> Source material:
····················

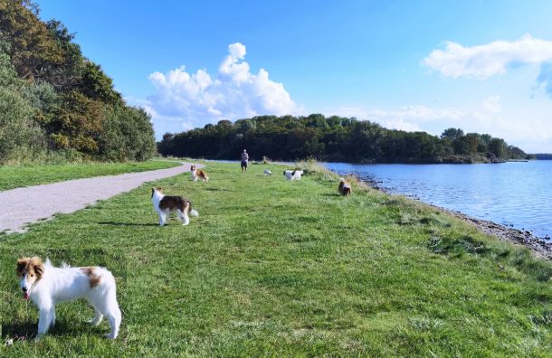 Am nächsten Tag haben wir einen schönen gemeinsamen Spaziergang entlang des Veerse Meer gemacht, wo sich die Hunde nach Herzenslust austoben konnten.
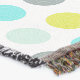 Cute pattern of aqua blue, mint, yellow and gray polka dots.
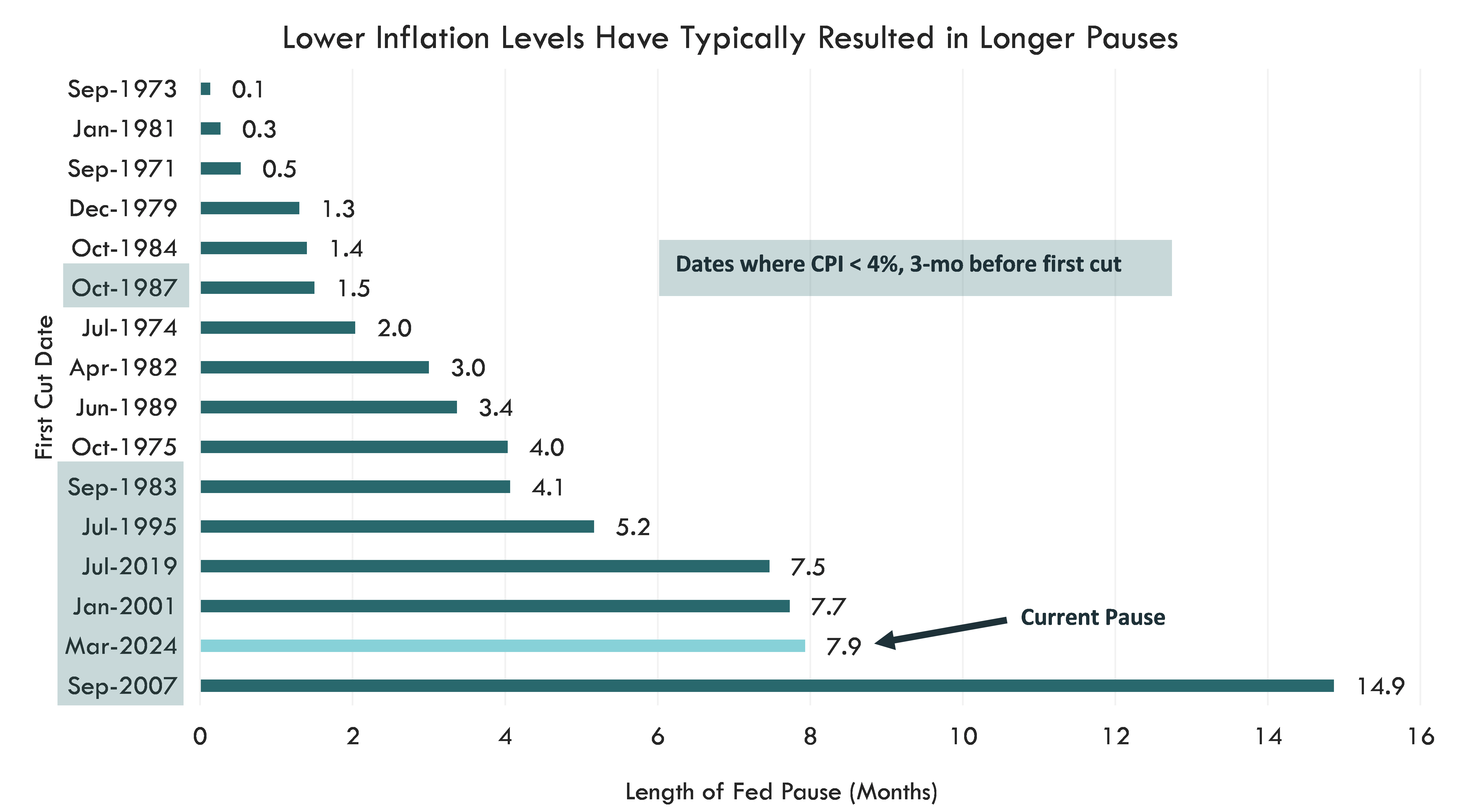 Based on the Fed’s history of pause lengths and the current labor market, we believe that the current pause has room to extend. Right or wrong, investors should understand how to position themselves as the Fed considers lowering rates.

····················

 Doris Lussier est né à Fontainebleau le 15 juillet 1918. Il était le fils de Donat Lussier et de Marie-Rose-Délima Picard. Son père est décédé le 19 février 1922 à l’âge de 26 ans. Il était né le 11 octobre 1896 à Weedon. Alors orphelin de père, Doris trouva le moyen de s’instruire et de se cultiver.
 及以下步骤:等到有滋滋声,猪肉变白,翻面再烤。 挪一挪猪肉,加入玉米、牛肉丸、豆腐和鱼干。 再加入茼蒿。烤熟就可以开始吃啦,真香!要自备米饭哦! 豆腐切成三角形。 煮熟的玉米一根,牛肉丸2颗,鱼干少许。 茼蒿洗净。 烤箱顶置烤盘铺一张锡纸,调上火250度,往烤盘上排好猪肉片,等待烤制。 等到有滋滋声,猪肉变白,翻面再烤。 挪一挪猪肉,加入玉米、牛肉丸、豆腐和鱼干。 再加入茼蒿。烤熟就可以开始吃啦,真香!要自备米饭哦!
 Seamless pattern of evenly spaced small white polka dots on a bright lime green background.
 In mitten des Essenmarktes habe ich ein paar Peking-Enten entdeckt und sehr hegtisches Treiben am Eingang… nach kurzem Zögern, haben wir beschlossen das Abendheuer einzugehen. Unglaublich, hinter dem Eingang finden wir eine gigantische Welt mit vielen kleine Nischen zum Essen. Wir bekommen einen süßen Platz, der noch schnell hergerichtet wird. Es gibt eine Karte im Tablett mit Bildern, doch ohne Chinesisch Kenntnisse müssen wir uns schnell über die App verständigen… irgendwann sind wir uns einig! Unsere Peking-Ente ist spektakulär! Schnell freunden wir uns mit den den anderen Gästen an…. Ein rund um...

····················

> About this task:
Repeat the lines above exactly, beginning with the one containing "Am nächsten Tag" and finishing with the one containing "Based on the". No pictures belong in the copy.

> Completed task:
 Am nächsten Tag haben wir einen schönen gemeinsamen Spaziergang entlang des Veerse Meer gemacht, wo sich die Hunde nach Herzenslust austoben konnten.
 Cute pattern of aqua blue, mint, yellow and gray polka dots.
 Based on the Fed’s history of pause lengths and the current labor market, we believe that the current pause has room to extend. Right or wrong, investors should understand how to position themselves as the Fed considers lowering rates.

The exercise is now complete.